Exercise aim: Every entry below must be repeated exactly; skip the pictures.

Data extracted from a collection:
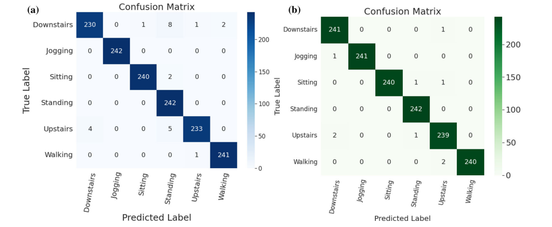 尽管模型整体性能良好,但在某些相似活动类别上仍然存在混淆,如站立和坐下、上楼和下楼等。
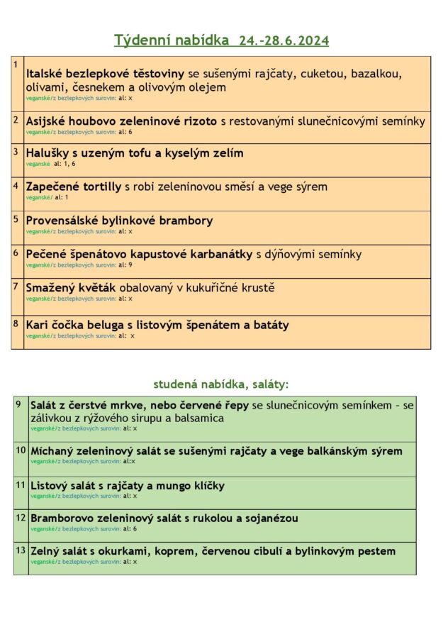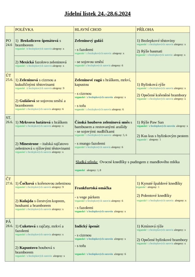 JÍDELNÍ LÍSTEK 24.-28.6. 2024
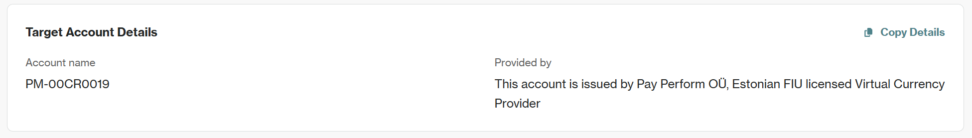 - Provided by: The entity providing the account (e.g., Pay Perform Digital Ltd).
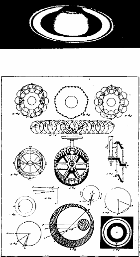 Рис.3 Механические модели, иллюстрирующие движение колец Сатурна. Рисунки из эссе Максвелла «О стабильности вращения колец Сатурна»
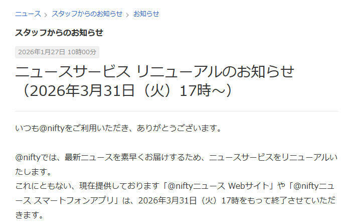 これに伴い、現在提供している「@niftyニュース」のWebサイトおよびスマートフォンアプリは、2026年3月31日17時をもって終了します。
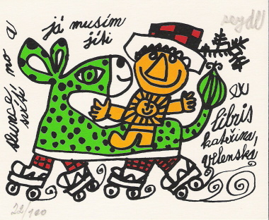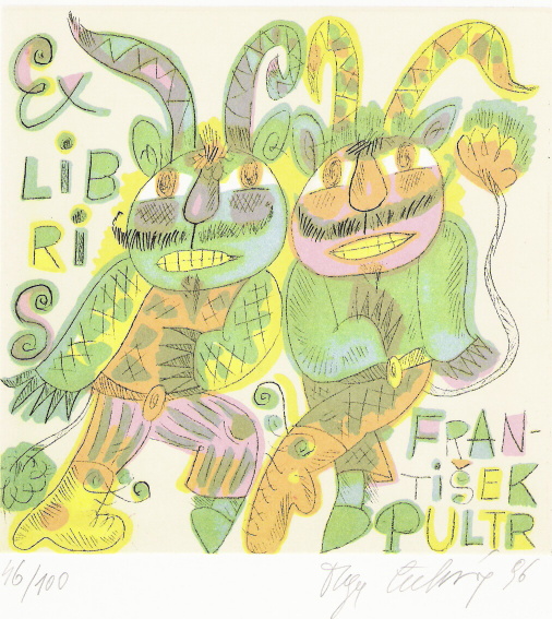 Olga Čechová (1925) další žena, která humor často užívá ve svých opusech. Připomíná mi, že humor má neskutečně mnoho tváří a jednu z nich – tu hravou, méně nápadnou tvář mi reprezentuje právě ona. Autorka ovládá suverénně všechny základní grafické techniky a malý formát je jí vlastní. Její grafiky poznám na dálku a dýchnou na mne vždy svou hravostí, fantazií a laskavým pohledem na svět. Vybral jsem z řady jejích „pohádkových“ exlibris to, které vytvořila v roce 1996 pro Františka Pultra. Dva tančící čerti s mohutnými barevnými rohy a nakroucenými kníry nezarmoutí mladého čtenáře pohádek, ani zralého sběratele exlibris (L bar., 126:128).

Result for this task:
 尽管模型整体性能良好,但在某些相似活动类别上仍然存在混淆,如站立和坐下、上楼和下楼等。
 JÍDELNÍ LÍSTEK 24.-28.6. 2024
 - Provided by: The entity providing the account (e.g., Pay Perform Digital Ltd).
 Рис.3 Механические модели, иллюстрирующие движение колец Сатурна. Рисунки из эссе Максвелла «О стабильности вращения колец Сатурна»
 これに伴い、現在提供している「@niftyニュース」のWebサイトおよびスマートフォンアプリは、2026年3月31日17時をもって終了します。
 Olga Čechová (1925) další žena, která humor často užívá ve svých opusech. Připomíná mi, že humor má neskutečně mnoho tváří a jednu z nich – tu hravou, méně nápadnou tvář mi reprezentuje právě ona. Autorka ovládá suverénně všechny základní grafické techniky a malý formát je jí vlastní. Její grafiky poznám na dálku a dýchnou na mne vždy svou hravostí, fantazií a laskavým pohledem na svět. Vybral jsem z řady jejích „pohádkových“ exlibris to, které vytvořila v roce 1996 pro Františka Pultra. Dva tančící čerti s mohutnými barevnými rohy a nakroucenými kníry nezarmoutí mladého čtenáře pohádek, ani zralého sběratele exlibris (L bar., 126:128).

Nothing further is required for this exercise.